A method for the topology optimization of structures composed of nonlinear beam elements based on a hysteretic finite element modeling approach is presented. In the context of the optimal design of structures composed of truss or beam elements, studies reported in the literature have mostly considered linear elastic material behavior. However, certain applications require consideration of the nonlinear response of the structural system to the given external forces. Particular to the methodology suggested in this paper is a hysteretic beam finite element model in which the inelastic deformations are governed by principles of mechanics in conjunction with first-order nonlinear ordinary differential equations.

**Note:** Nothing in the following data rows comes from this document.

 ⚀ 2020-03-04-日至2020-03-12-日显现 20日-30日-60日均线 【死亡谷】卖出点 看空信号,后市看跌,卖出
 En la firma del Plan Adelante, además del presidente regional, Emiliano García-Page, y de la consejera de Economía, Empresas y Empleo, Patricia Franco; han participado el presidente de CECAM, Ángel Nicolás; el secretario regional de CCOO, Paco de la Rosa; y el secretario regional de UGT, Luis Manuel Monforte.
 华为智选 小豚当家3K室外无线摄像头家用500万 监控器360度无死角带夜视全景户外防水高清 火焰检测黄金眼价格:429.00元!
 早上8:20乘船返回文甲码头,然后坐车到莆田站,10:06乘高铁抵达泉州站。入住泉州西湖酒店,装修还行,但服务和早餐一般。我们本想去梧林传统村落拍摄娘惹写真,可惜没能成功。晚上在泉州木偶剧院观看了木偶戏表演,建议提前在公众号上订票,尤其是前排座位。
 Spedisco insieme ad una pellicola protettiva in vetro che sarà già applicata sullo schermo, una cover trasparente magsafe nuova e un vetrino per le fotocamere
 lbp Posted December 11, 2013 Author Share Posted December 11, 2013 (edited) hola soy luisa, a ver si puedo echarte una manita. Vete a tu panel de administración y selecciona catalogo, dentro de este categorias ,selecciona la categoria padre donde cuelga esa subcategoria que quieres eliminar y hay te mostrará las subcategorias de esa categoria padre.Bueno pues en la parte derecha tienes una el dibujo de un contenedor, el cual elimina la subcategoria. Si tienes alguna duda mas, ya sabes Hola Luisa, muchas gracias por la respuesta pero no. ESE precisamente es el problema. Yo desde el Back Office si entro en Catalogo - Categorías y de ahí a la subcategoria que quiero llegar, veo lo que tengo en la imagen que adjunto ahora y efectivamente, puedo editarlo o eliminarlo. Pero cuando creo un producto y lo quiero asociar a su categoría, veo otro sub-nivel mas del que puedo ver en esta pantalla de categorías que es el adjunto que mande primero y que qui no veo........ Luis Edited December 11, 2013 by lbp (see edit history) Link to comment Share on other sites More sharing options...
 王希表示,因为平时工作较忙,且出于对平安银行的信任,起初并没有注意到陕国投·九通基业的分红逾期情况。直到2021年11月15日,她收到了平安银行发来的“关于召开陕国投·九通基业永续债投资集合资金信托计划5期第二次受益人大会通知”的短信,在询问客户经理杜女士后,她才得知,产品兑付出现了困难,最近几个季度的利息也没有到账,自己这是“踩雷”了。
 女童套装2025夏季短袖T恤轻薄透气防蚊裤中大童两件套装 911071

The nonlinear ordinary differential equations determine the onset of inelastic deformations and the approximation of the signum function in the differential equation with the hyperbolic tangent function permits the derivation of analytical sensitivities. The objective of the optimization problem is to minimize the volume of the system such that a system-level displacement satisfies a specified constraint value. This design problem is analogous to that of seismic design where inelastic deformations are permitted, yet sufficient stiffness is required to limit the overall displacement of the system to a specified threshold. The utility of the method is demonstrated through numerical examples for the design of two structural frames and a comparison with the solution from the topology optimization assuming linear elastic material behavior. The comparisons show that the nonlinear design is either comprised of a lower volume for a given level of performance, or offers better performance for a given volume in comparison with optimized linear design.